RECHTBANK ROTTERDAM
Bestuursrecht
zaaknummers: ROT 24/5771 en 24/6090
(gemachtigde: mr. I. Car),
en
het college van burgemeester en wethouders van de gemeente Rotterdam, verweerder.
1. In deze uitspraak beslist de voorzieningenrechter op de verzoeken om voorlopige voorzieningen van verzoekster tegen de afwijzing van haar aanvraag om bijzondere bijstand voor verhuiskosten en de toekenning van € 3.541,- aan bijzondere bijstand voor inrichtings- en stofferingskosten.
1.1.Omdat de verzoeken kennelijk niet-ontvankelijk zijn doet de voorzieningenrechter uitspraak zonder zitting. Artikel 8:83, derde lid, van de Algemene wet bestuursrecht (Awb) maakt dat mogelijk. De voorzieningenrechter legt hierna uit waarom de verzoeken kennelijk niet-ontvankelijk zijn.

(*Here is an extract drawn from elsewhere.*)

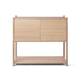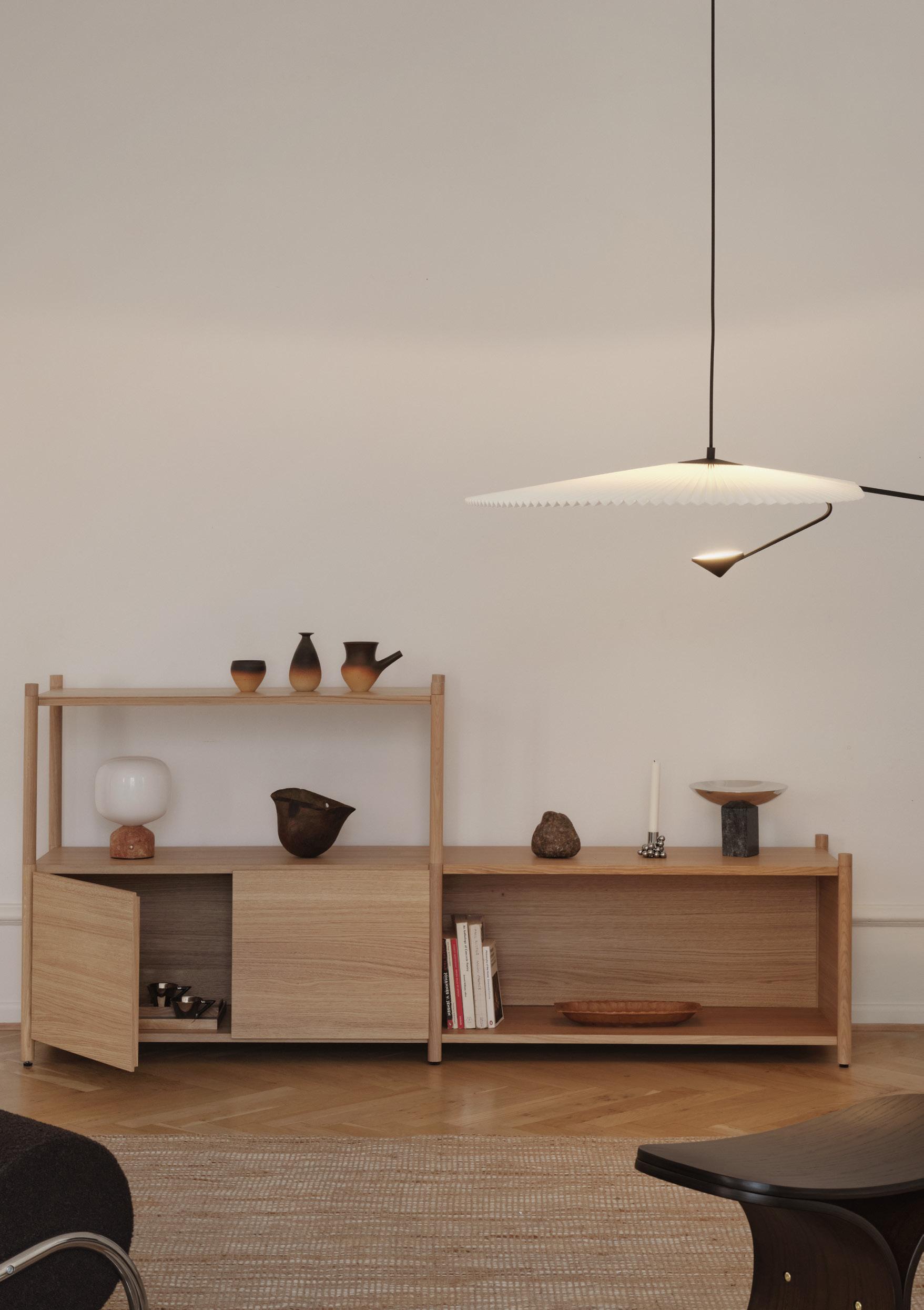 Sceene is a modular shelving system, designed by Michael Rem for Gejst. Module by module the shelving system can be build up high, extended to the sides and be customized with side panels, doors or back panels made in oak or upholstered with fabric in a selection of four beautiful colours. The idea behind Sceene is to create a frame to put the stories we form during our life on display. Our stories are captured in artifacts and objects full of sentimental value and with Sceene you can tell your stories exactly how you want.

1.2.Met de besluiten van 27 mei 2024 heeft verweerder de aanvraag van verzoekster om bijzondere bijstand voor verhuiskosten afgewezen en haar aanvraag om bijzondere bijstand voor inrichtings- en stofferingskosten toegekend tot een bedrag van € 3.541,-. Verzoekster heeft hiertegen bezwaar gemaakt.
1. Op grond van artikel 8:82, eerste lid, van de Awb wordt door de griffier van de indiener van het verzoekschrift een griffierecht geheven.
2.
Bij aangetekende brieven (nota’s) van 13 juni 2024 en 21 juni 2024 heeft de griffier (de gemachtigde van) verzoekster erop gewezen dat zij per verzoek een griffierecht van
€ 51,- verschuldigd is en haar aangemaand dit bedrag uiterlijk twee weken na de datum van de nota te voldoen, of als de zitting eerder is, uiterlijk voorafgaande aan de zitting. Het vermelde bedrag is, ook na een rappel per e-mail aan de gemachtigde van verzoekster, niet binnen de gestelde termijn bijgeschreven of ter griffie gestort.

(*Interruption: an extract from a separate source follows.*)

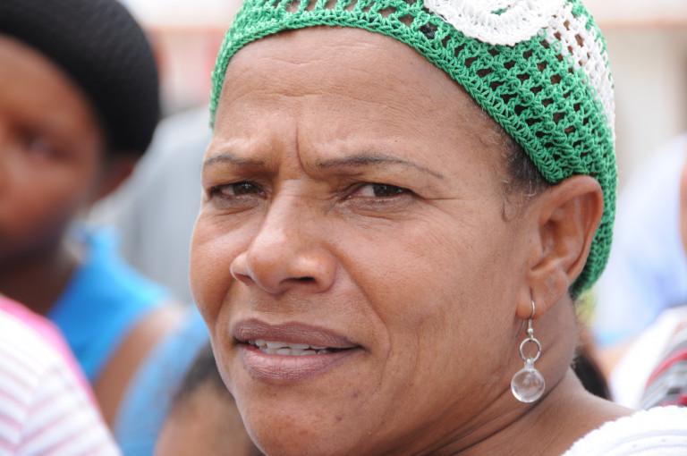 Moradora afectada por las crecidas del Lago Enriquillo, durante la visita de seguimiento realizada por el ministro Peralta y la comisión dispuesta por el presidente Danilo Medina.
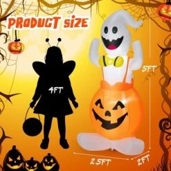 Costway 5 FT Inflatable Halloween Pumpkin Ghost Blow-up Yard Decoration with LED Lights

3. Op grond van artikel 8:82, derde lid, en 8:41, zesde lid, van de Awb wordt, indien het verschuldigde bedrag niet of niet tijdig is bijgeschreven of gestort, het verzoek niet-ontvankelijk verklaard, tenzij redelijkerwijs niet kan worden geoordeeld dat de indiener van het verzoekschrift in verzuim is geweest.

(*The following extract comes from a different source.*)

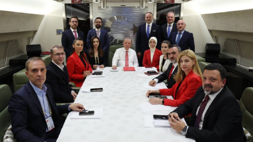 Serokkomarê AKP’î Recep Tayyîp Erdogan di dema vegera ji Azerbaycanê de di balafirê de bersiva pirsên rojnamevanan da.
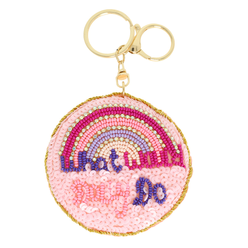 "WHAT WOULD DOLLY DO" SEQUIN RHINESTONE BEAD EMBROIDERED KEYCHAIN

4. Naar het oordeel van de voorzieningenrechter kan redelijkerwijs worden geoordeeld dat (de gemachtigde van) verzoekster in verzuim is geweest. De verzoeken zijn daarom kennelijk niet-ontvankelijk.
5. Voor een proceskostenveroordeling bestaat geen aanleiding.
De voorzieningenrechter verklaart de verzoeken niet-ontvankelijk.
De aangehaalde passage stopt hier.